Democrats, Republicans making push for suburban votes in 2020

Leave Milwaukee and head north or west – you’ll find yourself in red territory.

The block of counties – Washington, Ozaukee and Waukesha – hugging the most populous in the state is one of the most reliable spots in the state for Republicans.

The suburbs outside Milwaukee haven’t voted for a Democrat in more than 50 years. Waukesha County GOP chair Terry Dittrich said he expects the reliability to continue in 2020.

“Unless something really catastrophic were to happen here in the county, I believe we’re going to win the county,” he said.

Dittrich said the issues people there care about, such as law and order, align with President Donald Trump, enough for them to choose him again.

In Washington County Democrat chair Stephen Roberts said he knows at least a dozen people who have changed their mind.

“They want a Biden/Harris sign, and as we converse a little bit they kind of sheepishly say to me, ‘I voted for Trump last time, and I will never think about doing that again,’” Roberts said.

He doesn’t think it will be enough to flip these reliably red counties, and political scientists don’t necessarily think so either. But they’re noticing a similar change.

“This is a nationwide shift,” said Charles Franklin, the director of the Marquette Law School Poll. “It’s been a little slow coming to Wisconsin, and we still have more Republican rather than purple suburbs, but they’re not as solidly Republican as they were 6 to 10 years ago.”
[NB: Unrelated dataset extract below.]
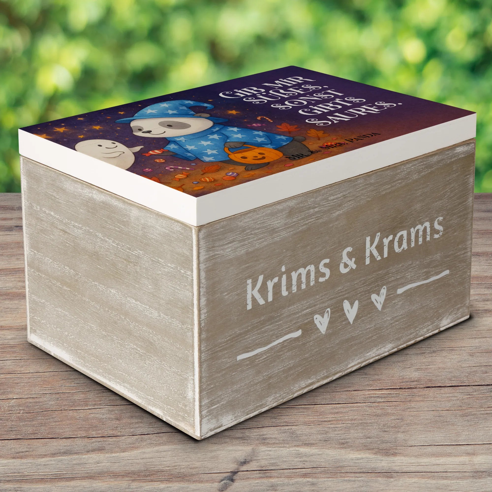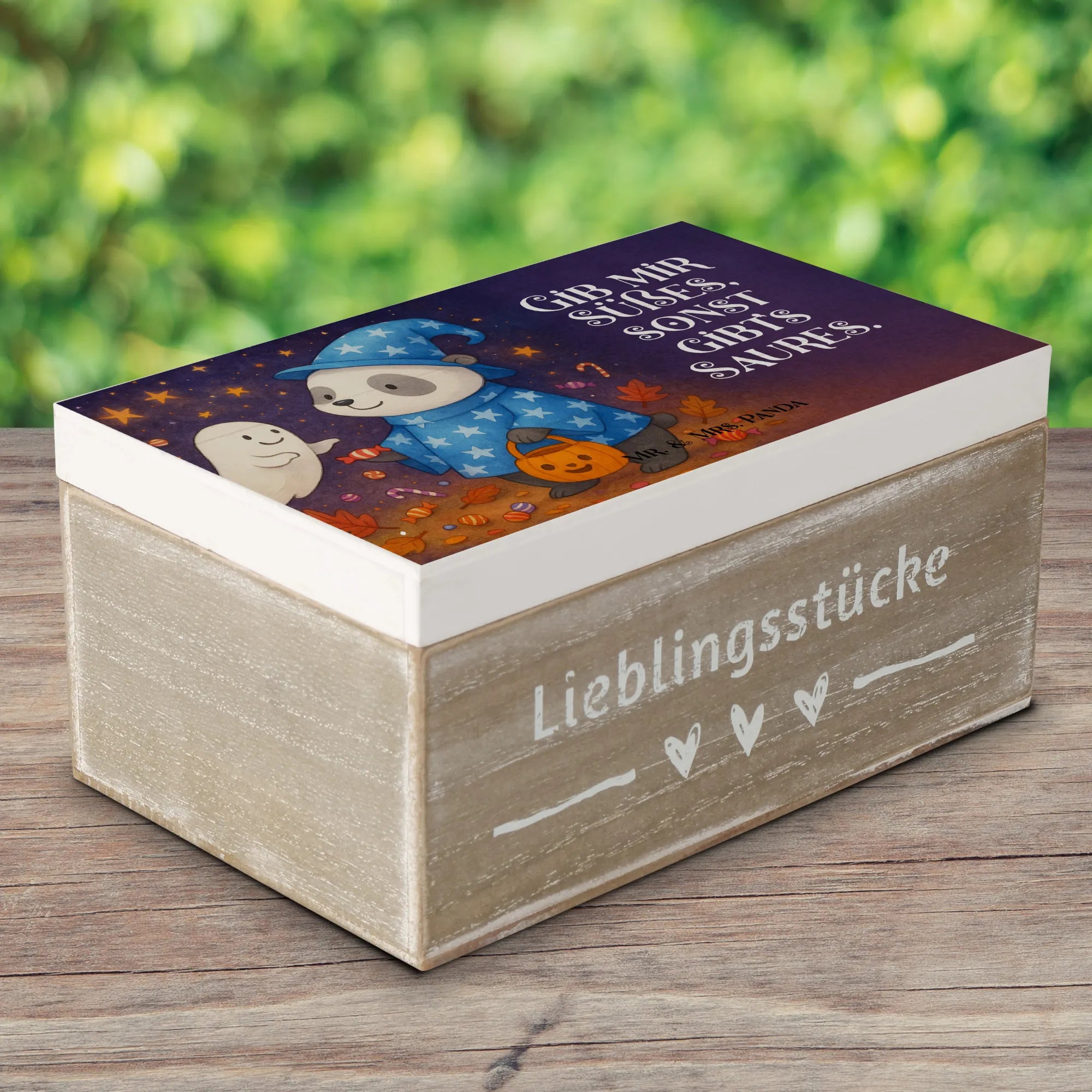 Holzkiste Panda Zauberer Design Kiste, Geschenkbox, Schatzkiste, XXL, Truhe, Aufbewahrungsbox, Holzkiste, Geschenkdose, Erinnerungsbox, Dekokiste, Erinnerungskiste, Schatulle, Halloween, Deko, Martinssingen, Dekoration, Geschenke, Schenken, Gespenst, Halloween Deko, Süßes sonst gibt's saures, Zauberer, Panda, Trick or Treat
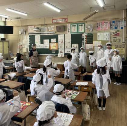 1年生の教室です。6年生が給食のおたすけ隊としてやってきてくれました。1年生にとっては、とても頼りになる先輩です!

That’s making Democrats give Republicans a run for their votes — the Biden team campaigning in Waukesha, though maybe not to win.

“If you’re going to lose a region, lose it by 15 points instead of losing it by 20 points, that’s a worthwhile tradeoff to make in a statewide election where it doesn’t really matter where your vote comes from, it just matters what the totals for each side are,” Franklin said.

That’s Roberts’ logic too.

“If we increase our vote totals by you know three, 4,000, 8,000 votes, we’re doing a good job,” he said.

He said membership for the Washington County Democrats has gone up 60% this year — not enough to flip the county, but maybe enough to have an impact.

“It would be a miracle if Washington County as a whole voted for Joe Biden,” Roberts said. “My more realistic goal is that we increase the percentage and do our share to turn the state blue.”

He’s vying to make up a share of the 22,000 votes that handed Wisconsin to Trump in 2016, but Republicans are working on their margins too – hoping big wins here will detract from Milwaukee and Dane counties.

Dittrich thinks they can do it.

“What I see out there is I think we’re going to put up a big number,” he said. “And Waukesha, frankly speaking, needs to put up a big number to help the Republican side win the entire state.”